It’s Learning Disability Week.
This year’s theme celebrates arts and creativity.
Crafts can be an important way to support someone with a learning disability to explore, communicate, and cope with their grief – both before and after bereavement.
Andy, a specialist palliative care social worker in our Family Support Team, supports people before and after the death of their loved one.
Many of the people referred to his team for support have learning disabilities, and other cognitive conditions. This means they think, and see, the world very differently to neuro-typical people.
He says: “Many people struggle to discuss death, dying and bereavement.
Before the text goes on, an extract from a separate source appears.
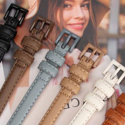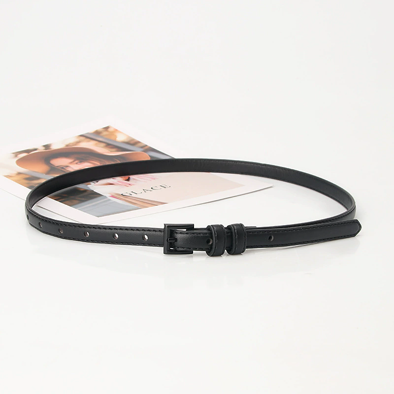 Este cinturón delgado de cuero sintético es el toque perfecto para realzar tu cintura y completar cualquier look con estilo. Su diseño minimalista con hebilla metálica rectangular lo convierte en un básico elegante, ideal tanto para outfits casuales como más formales.

It’s a complex, nuanced and very emotive topic.
“We ensure people with learning disabilities are offered the same opportunities to access emotional support as neuro-typical people.
“This can include communication tools such as Widgit symbols which are used to create social stories on a range of topics from explaining death, to what happens at a funeral.
“Craft activities are important too, such as creating memory boxes. As well as offering a space to keep photographs and mementos safe, a memory box can also be a tool for someone with limited verbal communication to let those around them know the person who died is on their mind.”
Every person is different, and has a different story, a different support need – and a different perception of death, dying and bereavement.
“We treat every person as an individual. This way, we can make sure to do everything possible to support every to learn to live with their bereavement.”